From the first line to the last, retype everything below exactly, minus the pictures.
##########
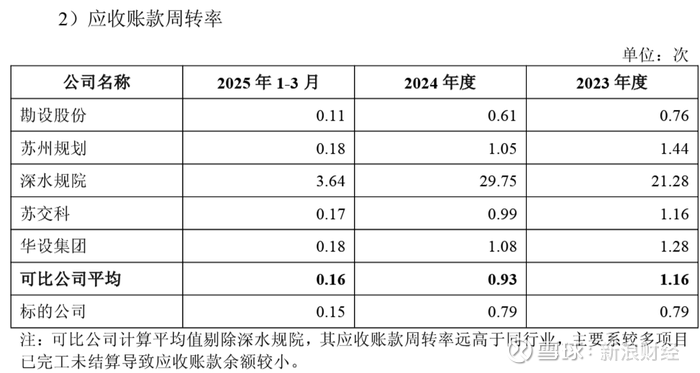 应收账款的高企与账龄老化,直接导致市政院的资金周转效率低下。2023 年、2024 年、2025 年一季度,市政院的应收账款周转率分别为 0.79 次、0.79 次、0.15 次,显著低于可比公司平均水平。
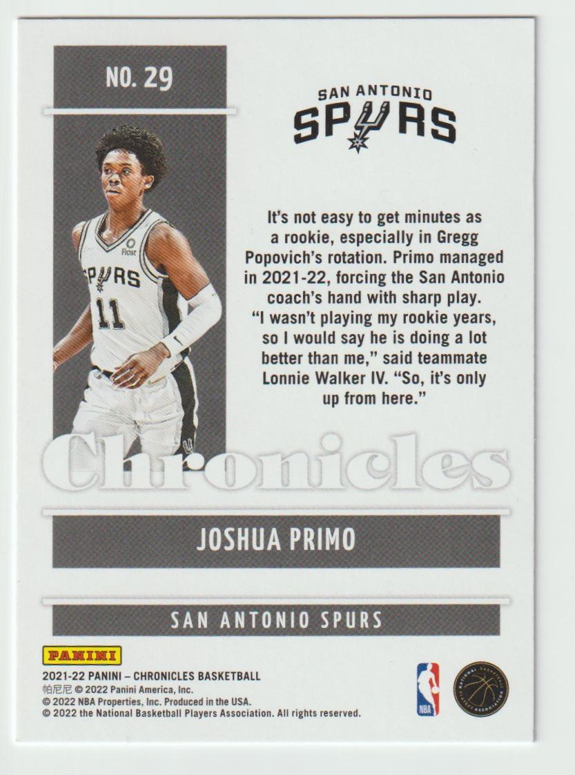 29 Joshua Primo - San Antonio Spurs 2021/22 Chronicles Basketball
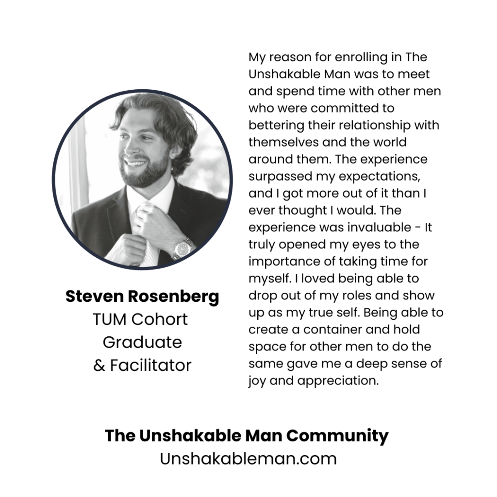 My reason for enrolling in The Unshakable Man was to meet and spend time with other men who were committed to bettering their relationship with themselves and the world around them. The experience surpassed my expectations, and I got more out of it than I ever thought I would. The experience was invaluable – It truly opened my eyes to the importance of taking time for myself. I loved being able to drop out of my roles and show up as my true self. Being able to create a container and hold space for other men to do the same gave me a deep sense of joy and appreciation.
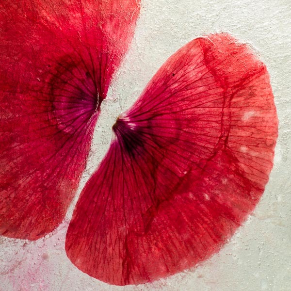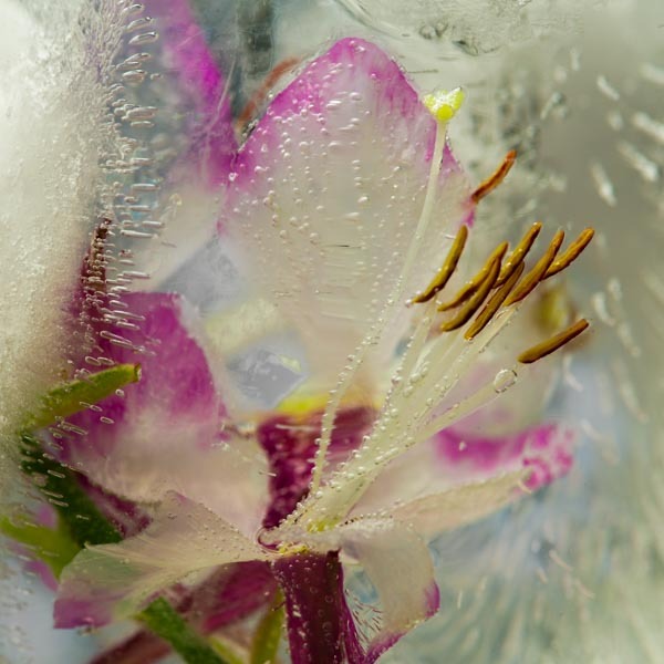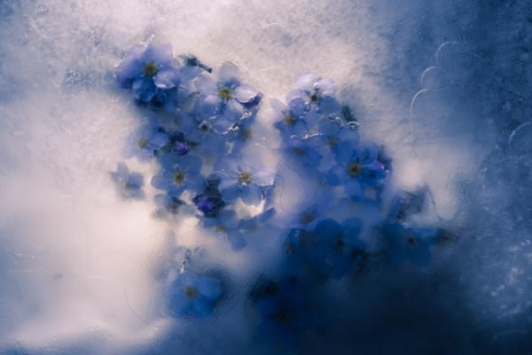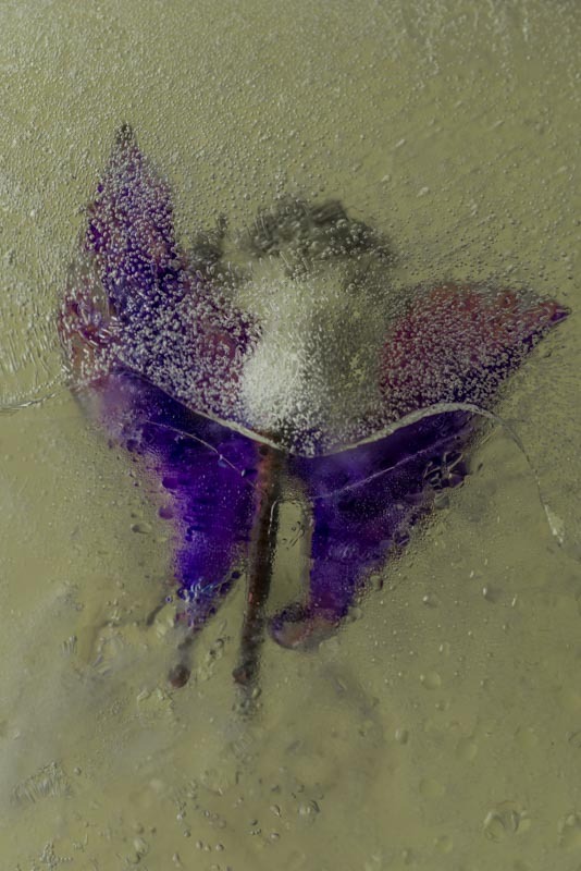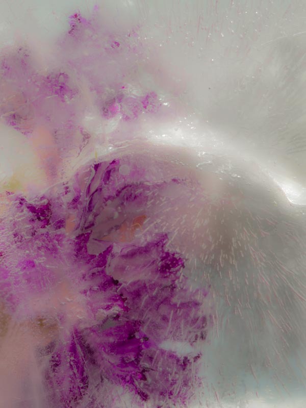 The images in the On Ice series are more about transformation than preserving. Although the freezing of flowers, petals and leaves halts the natural process of decay this is only temporary. As the ice thaws ironically decay is accelerated. Capturing an image becomes a balancing act between the beauty of the subject held in ice and it turning to mush.
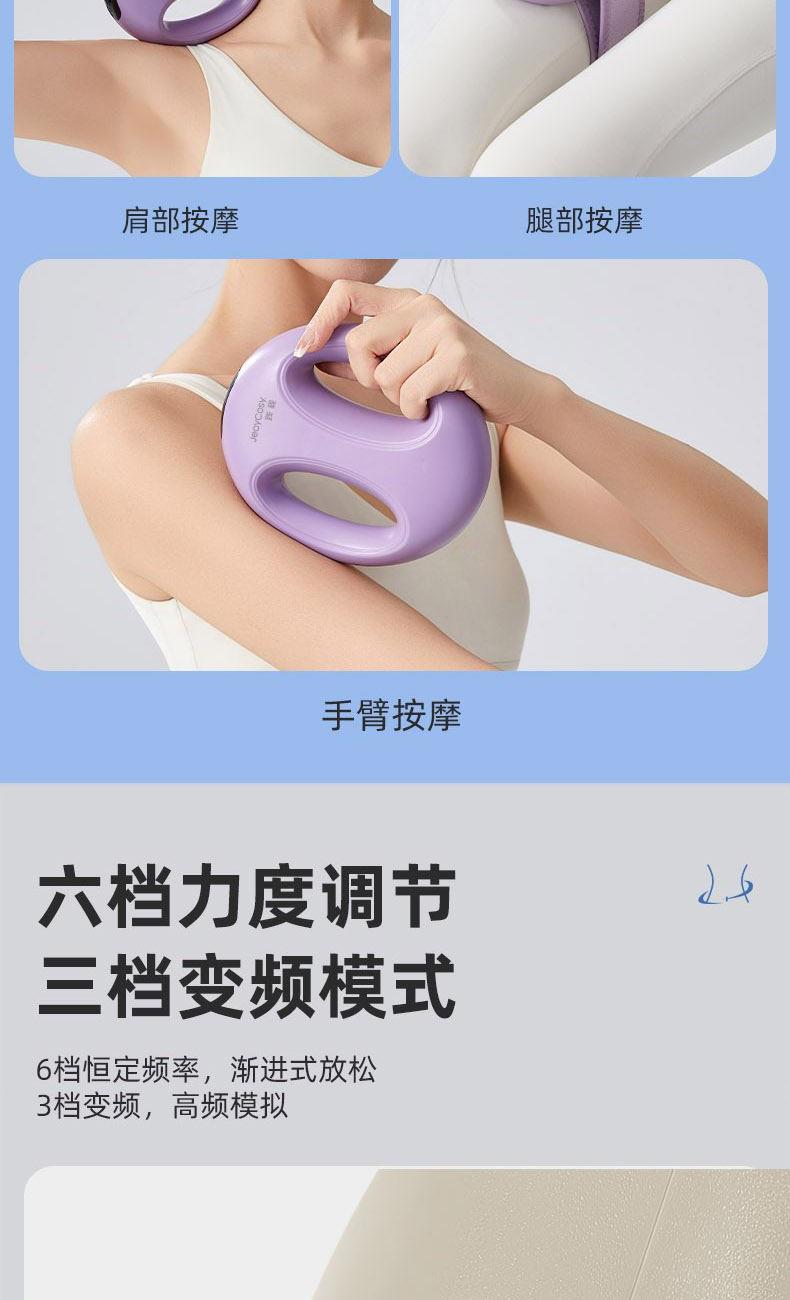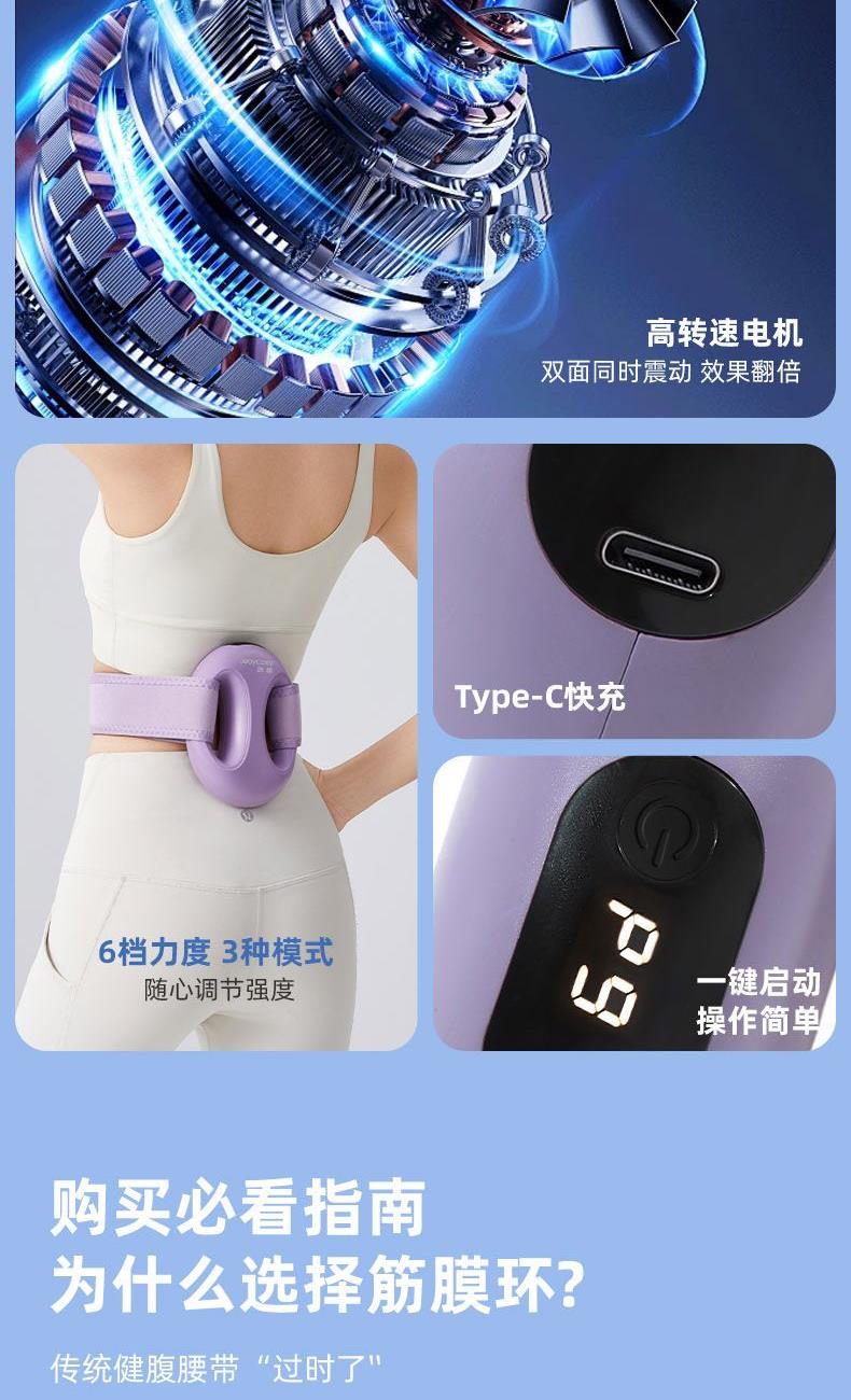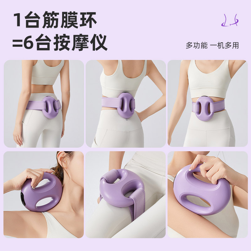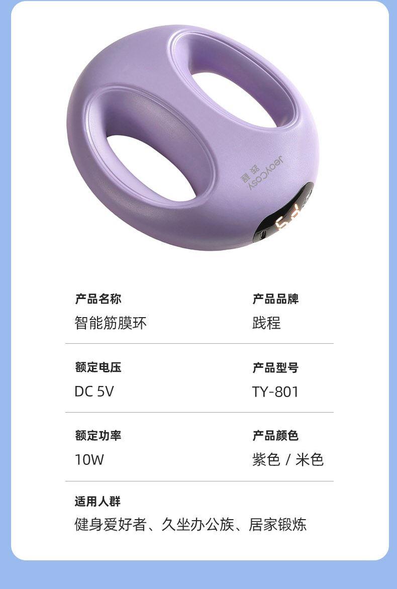 产品功能:震动按摩 产品材质:ABS 供电方式:TYPE-C充电 1200mAh 产品颜色:紫色 米色 产品型号:TY-801 额定电压:DC 4.2V 额定功率:12W 产品净重:0.42kg 产品尺寸:14x16x5cm 条形码:6952679802062 1、升级体验,高频震动,让全身脂肪运动甩起来 2、1台筋膜环=6台按摩仪,一机多用,多部位按摩,贴合身体各部位,臀部、腰部、腹部、等多角度按摩 3、六档力度调节,三档变频模式,渐进式放松 4、Type-C接口,便捷充电
##########
TASK OUTPUT:
 应收账款的高企与账龄老化,直接导致市政院的资金周转效率低下。2023 年、2024 年、2025 年一季度,市政院的应收账款周转率分别为 0.79 次、0.79 次、0.15 次,显著低于可比公司平均水平。
 29 Joshua Primo - San Antonio Spurs 2021/22 Chronicles Basketball
 My reason for enrolling in The Unshakable Man was to meet and spend time with other men who were committed to bettering their relationship with themselves and the world around them. The experience surpassed my expectations, and I got more out of it than I ever thought I would. The experience was invaluable – It truly opened my eyes to the importance of taking time for myself. I loved being able to drop out of my roles and show up as my true self. Being able to create a container and hold space for other men to do the same gave me a deep sense of joy and appreciation.
 The images in the On Ice series are more about transformation than preserving. Although the freezing of flowers, petals and leaves halts the natural process of decay this is only temporary. As the ice thaws ironically decay is accelerated. Capturing an image becomes a balancing act between the beauty of the subject held in ice and it turning to mush.
 产品功能:震动按摩 产品材质:ABS 供电方式:TYPE-C充电 1200mAh 产品颜色:紫色 米色 产品型号:TY-801 额定电压:DC 4.2V 额定功率:12W 产品净重:0.42kg 产品尺寸:14x16x5cm 条形码:6952679802062 1、升级体验,高频震动,让全身脂肪运动甩起来 2、1台筋膜环=6台按摩仪,一机多用,多部位按摩,贴合身体各部位,臀部、腰部、腹部、等多角度按摩 3、六档力度调节,三档变频模式,渐进式放松 4、Type-C接口,便捷充电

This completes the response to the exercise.